International criminal law and international humanitarian law tend to invigorate the deeply social and human dimensions of international law. These disciplines have been the object of some of the international community’s most important investments of the past decades. With the creation of the United Nation’s ad hoc international criminal tribunals in 1993 and 1994 as a response to Former Yugoslavia’s and Rwanda’s conflicts, international criminal law has truly been resurrected. It aims at ensuring greater repression and prosecution of crimes that compromise peace and international security, so that those who bear the greatest responsibility for atrocities inflicted on civilians or protected persons during armed conflict or in connection with crimes of genocide and crimes against humanity will not remain unpunished.
These disciplines thus have been the object of renewed interest within law schools and for a rapidly growing number of jurists. It is truly in the combination of the theoretical dimensions of these bodies of law and the practical training offered with our partners that International Criminal and Humanitarian Law Clinic of Laval University’s Faculty of Law (ICHLC) finds its purpose.

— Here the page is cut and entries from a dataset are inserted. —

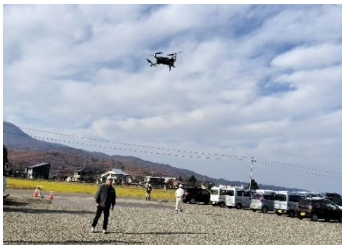
（ドローンによる被災箇所の3D測量）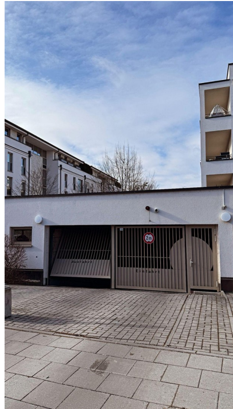
Einfahrt in die TG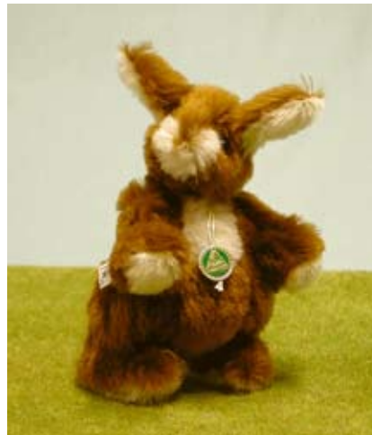
Der astrologische Hase (21004-5), 16 cm, Mohair, Wattefüllung, LE 100.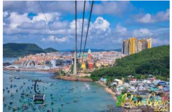
Sun World Hon Thom Nature Park พบกับ

เดียวของเวียดนาม (สำหรับท่านที่สนใจเล่นสวนน้ำ กรุณาเตรียมชุดสำหรับเล่นน้ำ 1 ชุด)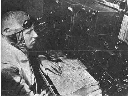
Der Funker des Flugbootes orientiert den Flugstützpunkt und die Schiffe über die Luftlage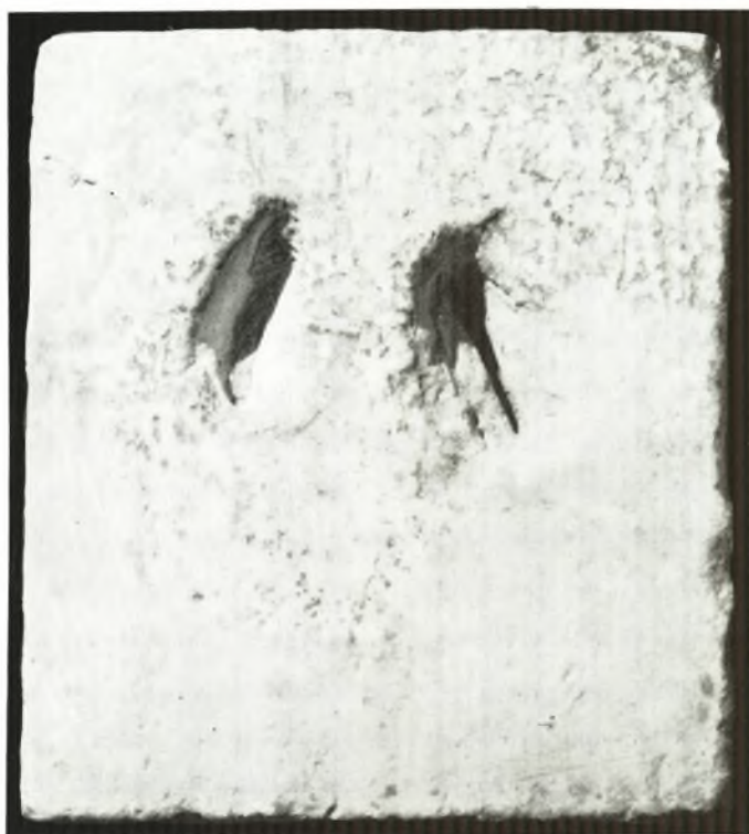
α. Ἡ ἄνω ὀριζοντία πλευρὰ τῆς ἐκ Βαρκίζης βάσεως.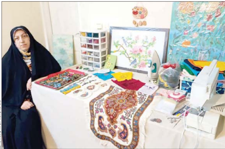
هنرمند هنر پاره حجابی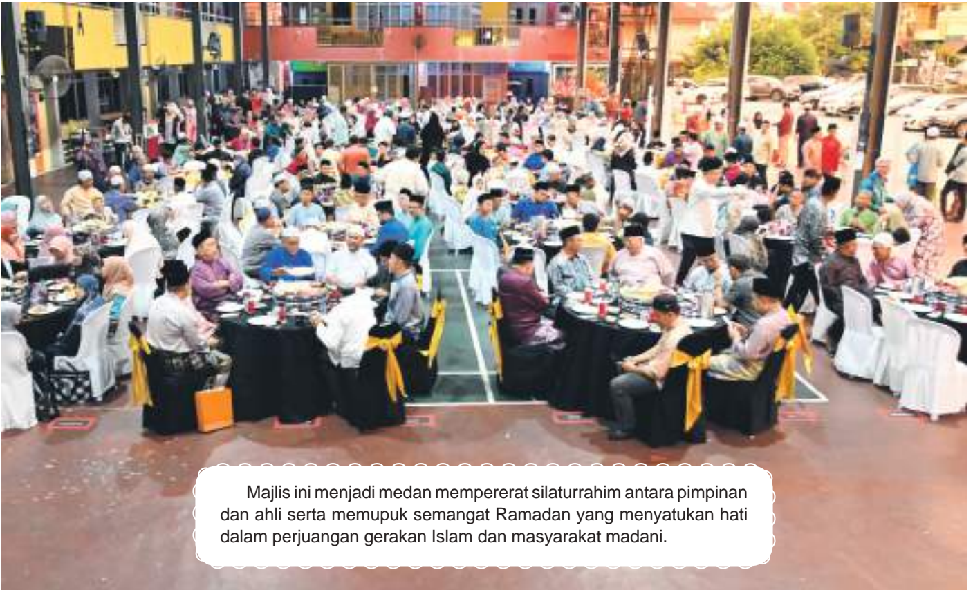
Majlis ini menjadi medan mempererat silaturrahim antara pimpinan dan ahli serta memupuk semangat Ramadan yang menyatukan hati dalam perjuangan gerakan Islam dan masyarakat madani.

While promoting the acquisition of academic knowledge in the fields of international criminal law, humanitarian and human rights law, the Clinic primarily intends to encourage students to develop practical hands-on experience as well as to understand and apply highly complex and abstract fundamental legal principles. By allowing them to work on real cases, side-by-side with experienced practitioners and renowned national and international institutions, participating students are given the opportunity to assess the social impacts of international law through clinical legal education.
By acquiring practical experience in international criminal and humanitarian law, participating students will be able to further assess their capacity and interest to pursue a career or graduate studies in these areas of the law. The Clinic offers students the opportunity to work in a multicultural environment, which favours the development of professional skills and humane qualities. By introducing the students to these fields of law by means of theoretical and practical teachings, the Clinic aims at giving them the tools and personal interest to further develop strong theoretical and practical knowledge on their own. The Clinic also offers students a unique opportunity to gain practical experience in international law.